> What the task requires
For each record, copy the text exactly and omit any picture it holds.

Data excerpts:
+===+

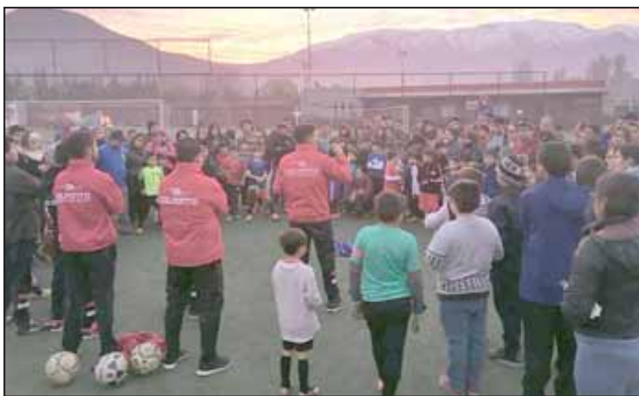
Niños de todo el valle de Aconcagua sueñan con ser los elegidos para ser parte de las nuevas series infantiles del Uní Uní.

mente comprometido, notándose la mano y conducción certera de un profesional ligado toda su vida al fútbol profesional, que ahora hace soñar a la Escuela Industrial con un título regional que lo catapulte al Nacional Escolar de la categoría.
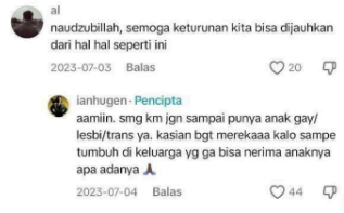
Gambar 14: Kolom komentar akun TikTok Ian Hugen

komentar ini diambil pada tanggal 30 April 2024. Menurut warganet salah satu video terdapat komentar al yang mengatakan ‘naudzubillah, semoga keturunan kita bisa dijauhkan dari hal hal seperti ini’ . Komentar ini disukai oleh 20 orang dan ian langsung membalas komentar tersebut dengan menjawab ‘aamiin. Smg km jgn sampai punya anak gay/lesbi/trans ya. kasian bgt merekaa kalo sampe tumbuh di keluarga yg ga bisa nerima anaknya apa adanya’ . Balasan komentar @ianhugen telah disukai oleh 44 orang. komentar komentar negatif seperti diatas selalu mengarah ke agama karena, di Indonesia mayoritas adalah agama islam. Sehingga banyak orang yang beranggapan jika seseorang yang memutuskan menjadi seorang transgender adalah sesuatu hal yang haram, buruk, bahkan menyimpang agama, budaya, maupun adat. Dan pada saat ini fenomena transgender menimbulkan rasa cemas pada masyarakat luas akibat kemungkinan legalisasi perkawinan sejenis.
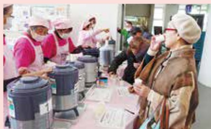
味噌汁試飲で味覚チェック （健康福祉まつり）
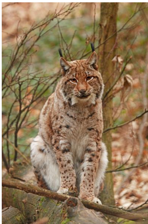
Slika 1. Euroazijski ris
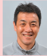
黒崎 久志 プロサッカーコーチ、 元プロサッカー選手
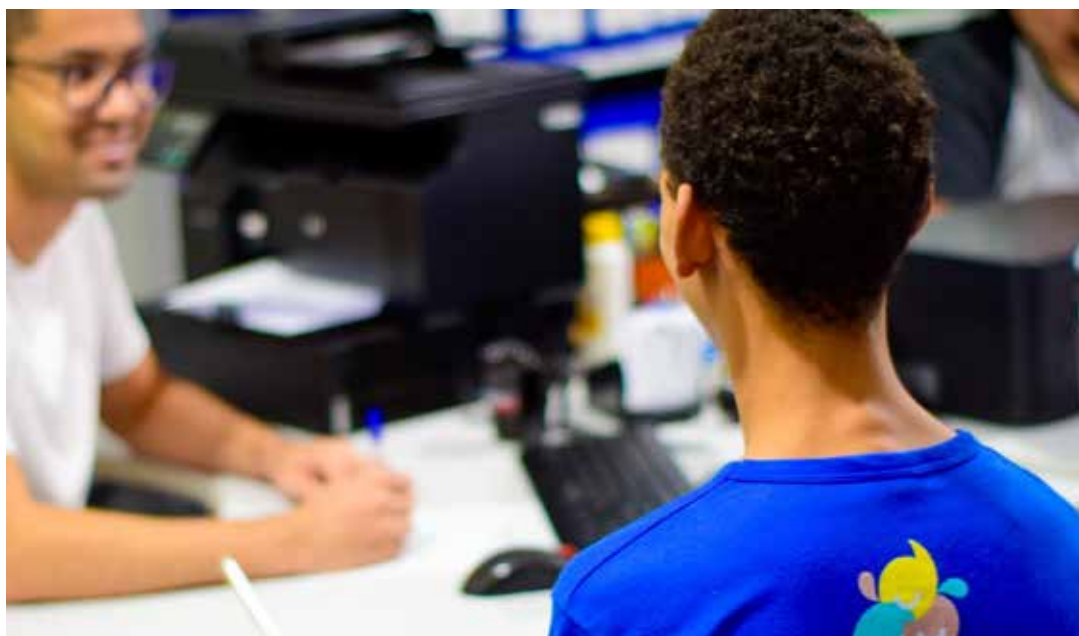
Seduc garante alternativas viáveis e inclusivas para que todos os alunos possam realizar a rematrícula

Ao todo, a rede estadual conta com 328.005 alunos, atualmente.
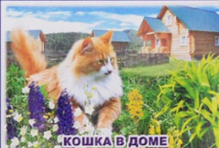
КОШКА В ДОМЕ
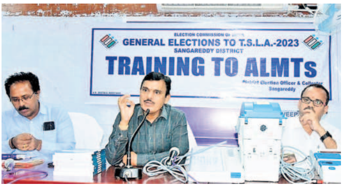
సమావేశంలో మాట్లాడుతున్న జిల్లా ఎన్నికల అధికారి, కలెక్టర్ డాక్టర్ శరత్
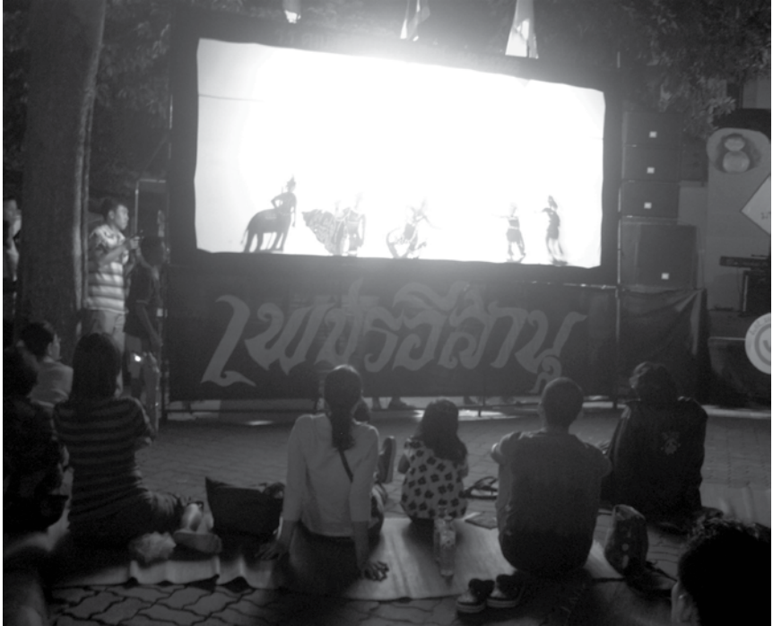
ภาพที่ 8.1- 8.2 การแสดงหนังปะโมทัย ของเยาวชนคณะเพชรอีसान โรงเรียนดงบังพิสัยนวการนุสรณ์ จังหวัดมหาสารคาม ณ ลานกิจกรรมชุมชนสามแพร่ง กรุงเทพมหานคร ภาพถ่ายเมื่อวันที่ 18 ธันวาคม 2553
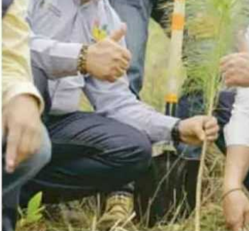
La restauración de las laldas del Cerro de la Cruz comenzó este fin de semana; abastece de agua por filtración y escurrimiento al río Cupatitzio, uno de los pu- incendios en el municipio de Uruapan. En compañía de brigadistas, sociedad c- no, se llevó a cabo un trabajo integral donde se tiene proyectado que sobrevi- que se prevé plantar, toda vez que se trabajará de manera conjunta con la Polis Ambientales. Las jornadas de reforestación se realizarán en todo el estado y t- tras el cambio ilegal de uso de suelo, incendios y tala ilegal.

En noviembre de 2011, durante el sexenio de Felipe Calderón, el entonces secreta-
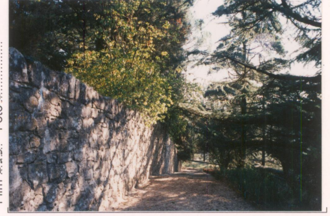
p.v. N. 8. Vialetto vicino alla limonaia.....
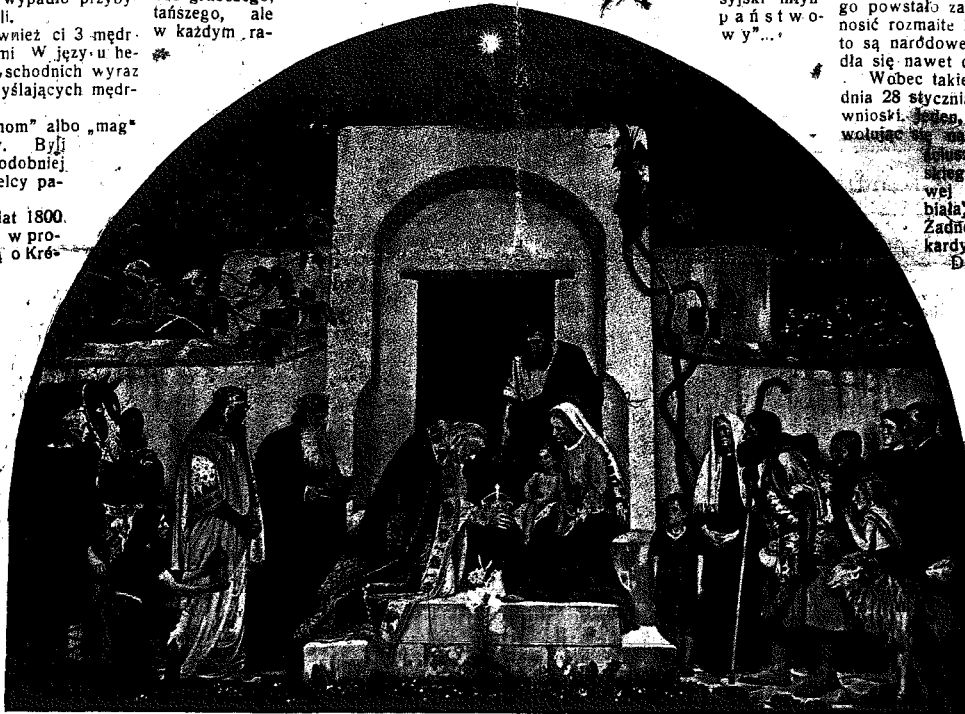
Hold Trzech Króli.
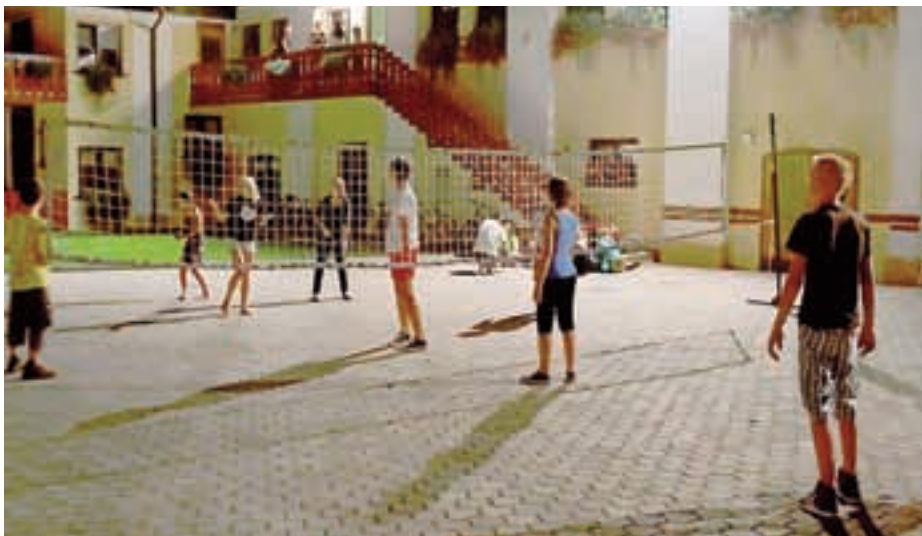
Letošnje poletje je v Družinskem in mladinskem centru Cerklje zaznamovala odbojka, ki so jo mladi ob večerih igrali na župnijskem dvorišču.

Kljub krajšemu predahu med počitnicami center tudi poleti ni miroval. Dvorišče se je večkrat na teden spremenilo v igrišče za odbojko, ki je privabljalo mladino od blizu in daleč. Jeseni bodo nadaljevali z že utečenimi programi in aktivnostmi, med katere sodi tudi praznovanje rojstnega dne centra, ki bo 8. oktobra. Napovedi številnih dogodkov pa bodo odslej objavljali tudi na svoji novi spletni strani. Jasna Paladin
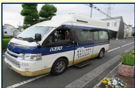
京王バスのワゴン車で運行しています

毎週火・金曜日に深大寺北町・深大寺東町を中心とした北部地域で、9時～15時台(1時間に1本)運行しています。
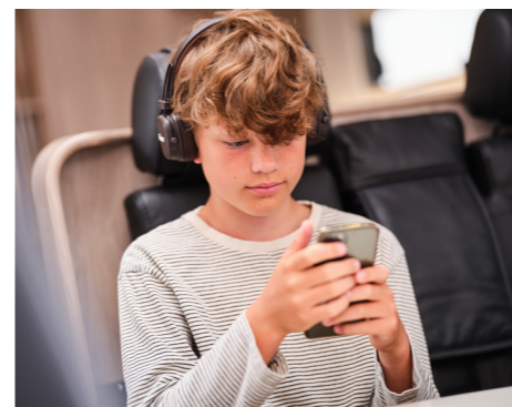
Nieuwe constructie van de dinettebank, die voorkomt dat het kussen van de bank wegglijdt waardoor de passagier onder de veiligheidsgordel kan glijden bij een eventuele aanrijding.

Kwaliteit. Techniek. Keuzevrijheid. Functionaliteit. Veiligheid.
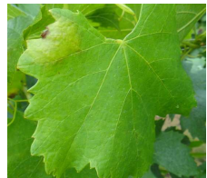
Tache de mildiou

On ne note pratiquement pas d'évolution par rapport à la situation décrite la semaine dernière : la quasi-totalité des parcelles du vignoble apparaît très saine. Dans de très rares situations, une sortie de taches sur jeunes feuilles a pu être notée suite aux pluies des 07 au 10 juillet.
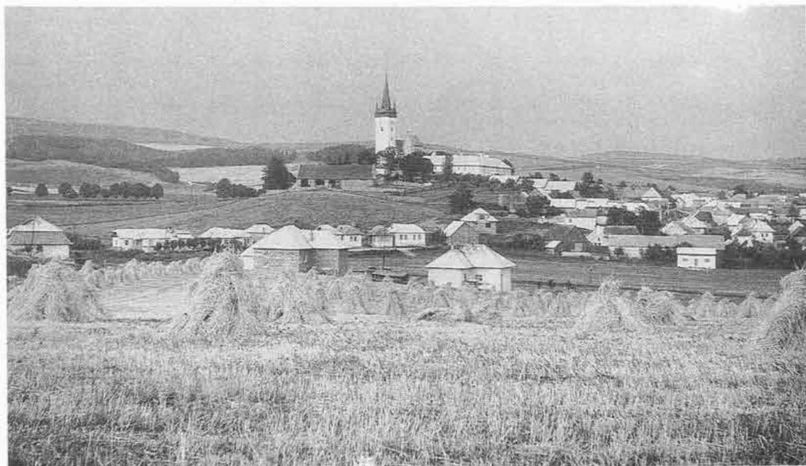
Pohľad na Spišský Štvrtok s poľnohospodárskou krajinou. Foto O. Nehera 1960
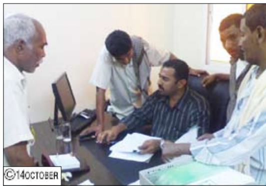
مدير صندوق التعويضات يفحص ملفات المتضررين

تجدر الإشارة إلى أن صندوق الإعمار بساحل حضرموت عمل بتوجيهات رئيس الجمهورية فيما يخص إغلاق ملف عدد من القطاعات المتضررة ومنها السمكي والكلبي والجزني .
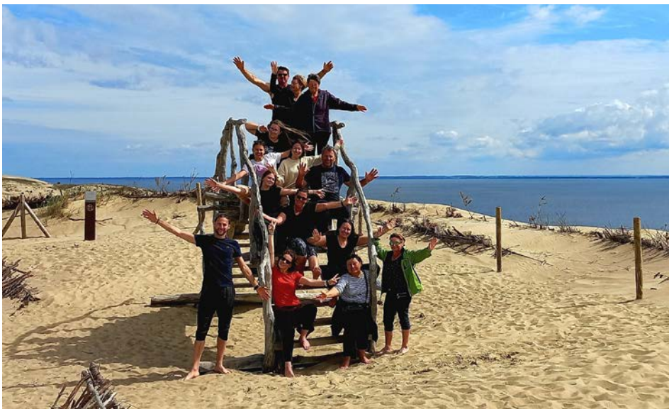
Lancovski folklorniki ob Baltskem morju.

Festival si bomo zapomnili po zelo lepem mestu, prijaznih ljudeh in dobrem vzdušju. Spoznali smo ogromno o njihovi kulturi in tudi kulturi drugih nastopajočih. Spletlo se je veliko prijateljskih vezi in upamo, da se v Plunge še kdaj vrnemo ter zaplešemo, zaigramo in zapojemo, kot smo letos.
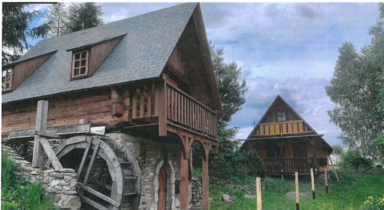
Dolina Starego Młyna
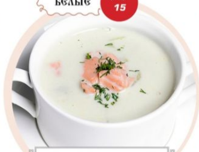
СЛИВОЧНО-СЫРНЫЙ СУПЧИК С ФИЛЕ ЛОСОСЯ
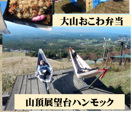
山頂展望台ハンモック
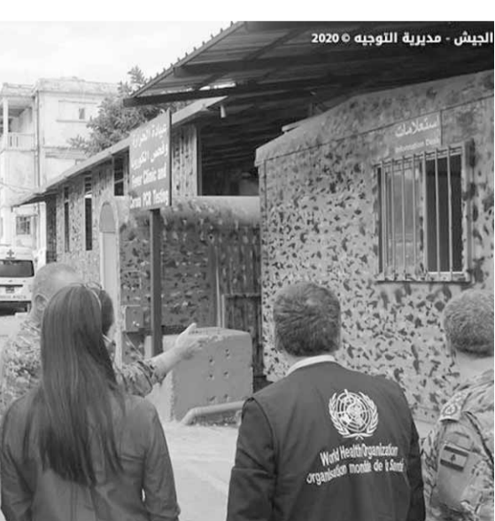
وقد من منظمة الصحة تزور الطبابة العسكرية

زار وفد من منظمة الصحة العالمية - مكتب لبنان أقسام الكورونا في الطبابة العسكرية في الجيش، واطلع على سير العمل فيها وكيفية توفير الخدمات الطبية للمرضى بما يتوافق مع المعايير الطبية العالمية، لا سيما بعد تجهيز هذه الأقسام بمعدات إلكترونية وحواسيب من قبل المكتب المذكور.
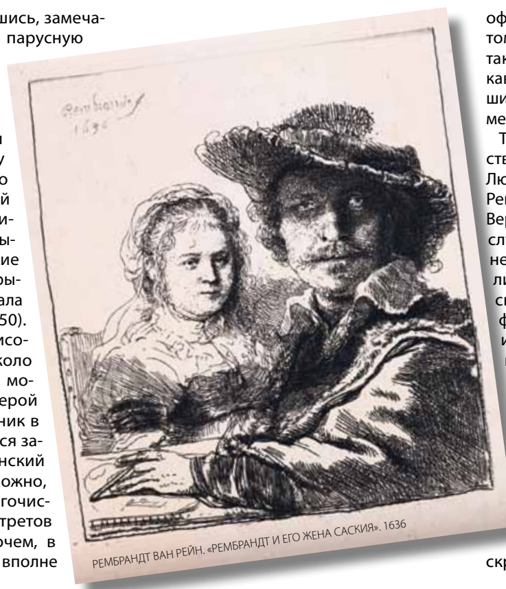
РЕМБРАНДТ ВАН РЕЙН «РЕМБРАНДТ И ЕГО ЖЕНА САСКИЯ», 1636

летия. Приглядевшись, заметишь крошечную парусную лодку («Хижина у канала», 1645). Или разлапистые мельницы — таким мастер увидел современный ему Амстердам (около 1640), не похожий на нынешний туристический центр. Выразительны людские фигурки: скажем, рыбак, сидящий у канала с лебедями (1650). В «Пейзаже с рисовальщиком» (около 1645) отражен момент рефлексии: герой эстампа — художник в шляпе, пытающийся запечатлеть деревенский дом. Вполне возможно, это один из многочисленных автопортретов Рембрандта. Впрочем, в экспозиции есть и вполне

+===+

> Problem solution
Niños de todo el valle de Aconcagua sueñan con ser los elegidos para ser parte de las nuevas series infantiles del Uní Uní.

mente comprometido, notándose la mano y conducción certera de un profesional ligado toda su vida al fútbol profesional, que ahora hace soñar a la Escuela Industrial con un título regional que lo catapulte al Nacional Escolar de la categoría.
Gambar 14: Kolom komentar akun TikTok Ian Hugen

komentar ini diambil pada tanggal 30 April 2024. Menurut warganet salah satu video terdapat komentar al yang mengatakan ‘naudzubillah, semoga keturunan kita bisa dijauhkan dari hal hal seperti ini’ . Komentar ini disukai oleh 20 orang dan ian langsung membalas komentar tersebut dengan menjawab ‘aamiin. Smg km jgn sampai punya anak gay/lesbi/trans ya. kasian bgt merekaa kalo sampe tumbuh di keluarga yg ga bisa nerima anaknya apa adanya’ . Balasan komentar @ianhugen telah disukai oleh 44 orang. komentar komentar negatif seperti diatas selalu mengarah ke agama karena, di Indonesia mayoritas adalah agama islam. Sehingga banyak orang yang beranggapan jika seseorang yang memutuskan menjadi seorang transgender adalah sesuatu hal yang haram, buruk, bahkan menyimpang agama, budaya, maupun adat. Dan pada saat ini fenomena transgender menimbulkan rasa cemas pada masyarakat luas akibat kemungkinan legalisasi perkawinan sejenis.
味噌汁試飲で味覚チェック （健康福祉まつり）
Slika 1. Euroazijski ris
黒崎 久志 プロサッカーコーチ、 元プロサッカー選手
Seduc garante alternativas viáveis e inclusivas para que todos os alunos possam realizar a rematrícula

Ao todo, a rede estadual conta com 328.005 alunos, atualmente.
КОШКА В ДОМЕ
సమావేశంలో మాట్లాడుతున్న జిల్లా ఎన్నికల అధికారి, కలెక్టర్ డాక్టర్ శరత్
ภาพที่ 8.1- 8.2 การแสดงหนังปะโมทัย ของเยาวชนคณะเพชรอีसान โรงเรียนดงบังพิสัยนวการนุสรณ์ จังหวัดมหาสารคาม ณ ลานกิจกรรมชุมชนสามแพร่ง กรุงเทพมหานคร ภาพถ่ายเมื่อวันที่ 18 ธันวาคม 2553
La restauración de las laldas del Cerro de la Cruz comenzó este fin de semana; abastece de agua por filtración y escurrimiento al río Cupatitzio, uno de los pu- incendios en el municipio de Uruapan. En compañía de brigadistas, sociedad c- no, se llevó a cabo un trabajo integral donde se tiene proyectado que sobrevi- que se prevé plantar, toda vez que se trabajará de manera conjunta con la Polis Ambientales. Las jornadas de reforestación se realizarán en todo el estado y t- tras el cambio ilegal de uso de suelo, incendios y tala ilegal.

En noviembre de 2011, durante el sexenio de Felipe Calderón, el entonces secreta-
p.v. N. 8. Vialetto vicino alla limonaia.....
Hold Trzech Króli.
Letošnje poletje je v Družinskem in mladinskem centru Cerklje zaznamovala odbojka, ki so jo mladi ob večerih igrali na župnijskem dvorišču.

Kljub krajšemu predahu med počitnicami center tudi poleti ni miroval. Dvorišče se je večkrat na teden spremenilo v igrišče za odbojko, ki je privabljalo mladino od blizu in daleč. Jeseni bodo nadaljevali z že utečenimi programi in aktivnostmi, med katere sodi tudi praznovanje rojstnega dne centra, ki bo 8. oktobra. Napovedi številnih dogodkov pa bodo odslej objavljali tudi na svoji novi spletni strani. Jasna Paladin
京王バスのワゴン車で運行しています

毎週火・金曜日に深大寺北町・深大寺東町を中心とした北部地域で、9時～15時台(1時間に1本)運行しています。
Nieuwe constructie van de dinettebank, die voorkomt dat het kussen van de bank wegglijdt waardoor de passagier onder de veiligheidsgordel kan glijden bij een eventuele aanrijding.

Kwaliteit. Techniek. Keuzevrijheid. Functionaliteit. Veiligheid.
Tache de mildiou

On ne note pratiquement pas d'évolution par rapport à la situation décrite la semaine dernière : la quasi-totalité des parcelles du vignoble apparaît très saine. Dans de très rares situations, une sortie de taches sur jeunes feuilles a pu être notée suite aux pluies des 07 au 10 juillet.
Pohľad na Spišský Štvrtok s poľnohospodárskou krajinou. Foto O. Nehera 1960
مدير صندوق التعويضات يفحص ملفات المتضررين

تجدر الإشارة إلى أن صندوق الإعمار بساحل حضرموت عمل بتوجيهات رئيس الجمهورية فيما يخص إغلاق ملف عدد من القطاعات المتضررة ومنها السمكي والكلبي والجزني .
Lancovski folklorniki ob Baltskem morju.

Festival si bomo zapomnili po zelo lepem mestu, prijaznih ljudeh in dobrem vzdušju. Spoznali smo ogromno o njihovi kulturi in tudi kulturi drugih nastopajočih. Spletlo se je veliko prijateljskih vezi in upamo, da se v Plunge še kdaj vrnemo ter zaplešemo, zaigramo in zapojemo, kot smo letos.
Dolina Starego Młyna
СЛИВОЧНО-СЫРНЫЙ СУПЧИК С ФИЛЕ ЛОСОСЯ
山頂展望台ハンモック
وقد من منظمة الصحة تزور الطبابة العسكرية

زار وفد من منظمة الصحة العالمية - مكتب لبنان أقسام الكورونا في الطبابة العسكرية في الجيش، واطلع على سير العمل فيها وكيفية توفير الخدمات الطبية للمرضى بما يتوافق مع المعايير الطبية العالمية، لا سيما بعد تجهيز هذه الأقسام بمعدات إلكترونية وحواسيب من قبل المكتب المذكور.
РЕМБРАНДТ ВАН РЕЙН «РЕМБРАНДТ И ЕГО ЖЕНА САСКИЯ», 1636

летия. Приглядевшись, заметишь крошечную парусную лодку («Хижина у канала», 1645). Или разлапистые мельницы — таким мастер увидел современный ему Амстердам (около 1640), не похожий на нынешний туристический центр. Выразительны людские фигурки: скажем, рыбак, сидящий у канала с лебедями (1650). В «Пейзаже с рисовальщиком» (около 1645) отражен момент рефлексии: герой эстампа — художник в шляпе, пытающийся запечатлеть деревенский дом. Вполне возможно, это один из многочисленных автопортретов Рембрандта. Впрочем, в экспозиции есть и вполне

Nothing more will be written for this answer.